Der Zürcher Stadtpolizist Adrian Grünenwald übt seit drei Jahren eine Arbeit aus, um die er nicht von jedermann beneidet wird: Er fängt Schlangen. Der Reptilienspezialist kommt dann ins Spiel, wenn jemand verängstigt zum Hörer greift oder ein Handyvideo auf die Wache schickt.

«Meistens melden sich Passanten, wenn sie eine Schlange entdecken. Sie wissen halt nicht, ob dieses Tier giftig ist und eine Gefahr darstellt», sagt Adrian Grünenwald. Der Mitarbeiter der Stadtpolizei Zürich leistet gewöhnlich Patrouillendienst – Schlangen fängt er nur sporadisch. Schliesslich genügt oft eine telefonische Beratung.
Rückt er nach einem Aufgebot der Einsatzzentrale aus, um etwa eine harmlose Ringelnatter in einem Quartier zu behändigen, lässt er diese nach erfolgreichem Fang am Seeufer oder in einem Sumpfgebiet wieder frei.

Ein Dutzend Mal musste Adrian Grünenwald bis jetzt als Schlangenfänger ausrücken. Im vergangenen Juli wurde der 44 Jahre alte Polizist aktiv, weil eine Königspython mitten in der Stadt Zürich bei der Neuen Kirche Fluntern übers Trottoir kroch. Die ungiftige Würgeschlange war aus dem Terrarium ihres Halters ausgebüxt.

Sie wurde eingefangen. Und Adrian Grünenwald versucht nach wie vor, den Halter ausfindig zu machen. Wird die Schlange innert dreier Monate nicht abgeholt, wird sie fremdplatziert.

Mit Verlaub: Würde Adrian Grünenwald auch eine Schwarze Mamba oder einen Inlandtaipan – sie gehören zu den gefährlichsten und giftigsten Schlangen der Welt – einfangen? «Das wäre in der Tat eine heikle Aufgabe», sagt der Zürcher. Um anzufügen: «In diesem Fall würde ich Unterstützung anfordern.
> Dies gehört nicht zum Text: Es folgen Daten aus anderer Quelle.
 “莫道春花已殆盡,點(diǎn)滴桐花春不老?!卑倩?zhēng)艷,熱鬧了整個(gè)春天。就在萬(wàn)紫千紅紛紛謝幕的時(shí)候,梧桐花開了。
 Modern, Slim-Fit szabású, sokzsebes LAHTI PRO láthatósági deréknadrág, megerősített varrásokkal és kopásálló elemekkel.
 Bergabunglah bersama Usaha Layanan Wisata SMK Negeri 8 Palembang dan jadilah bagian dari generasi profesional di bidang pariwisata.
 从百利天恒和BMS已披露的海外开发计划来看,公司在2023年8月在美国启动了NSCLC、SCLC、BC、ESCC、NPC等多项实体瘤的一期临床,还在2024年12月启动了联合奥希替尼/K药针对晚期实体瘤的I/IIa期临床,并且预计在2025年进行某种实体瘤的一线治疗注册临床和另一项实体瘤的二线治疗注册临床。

Wir pflegen gute Kontakte zu privaten Giftschlangenhaltern.»

Der vierfache Familienvater Adrian Grünenwald hält drei Schlangen als Haustiere – zwei Königsboas und eine Königsnatter. Alle drei Mitbewohner sind ungiftig. «Schlangen faszinieren mich wegen ihrer besonderen Sinnesorgane und ihrer Kombination aus Schönheit und Gefährlichkeit», sagt der Zürcher Stadtpolizist.
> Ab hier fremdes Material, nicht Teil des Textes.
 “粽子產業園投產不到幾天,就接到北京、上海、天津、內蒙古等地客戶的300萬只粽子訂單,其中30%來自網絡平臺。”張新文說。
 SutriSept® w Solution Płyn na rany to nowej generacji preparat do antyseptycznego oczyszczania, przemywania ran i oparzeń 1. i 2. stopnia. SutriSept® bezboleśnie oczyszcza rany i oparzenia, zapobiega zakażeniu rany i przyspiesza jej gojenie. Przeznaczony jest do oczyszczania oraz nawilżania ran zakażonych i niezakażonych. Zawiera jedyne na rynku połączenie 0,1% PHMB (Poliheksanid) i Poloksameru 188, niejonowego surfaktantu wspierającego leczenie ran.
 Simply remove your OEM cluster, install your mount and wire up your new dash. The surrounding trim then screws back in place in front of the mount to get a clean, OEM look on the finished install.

Er könne verstehen, dass Schlangen nicht überall beliebt seien. Mit einem verschmitzten Lächeln erzählt Grünenwald die Anekdote von jener verängstigten Frau, die nach dem Parkieren ihres Autos vor dem Haus merkte, wie eine Schlange via Auspuff in den Wagen kroch. Sie alarmierte die Polizei, die eine halbe Stunde später eintraf. Allerdings war die Schlange inzwischen im Garten verschwunden. Weil die Polizisten das gesuchte Tier nicht fanden, zogen sie wieder ab. Die Frau war danach so verunsichert, dass sie ihr Auto nie wieder berührte und wenig später verkaufte.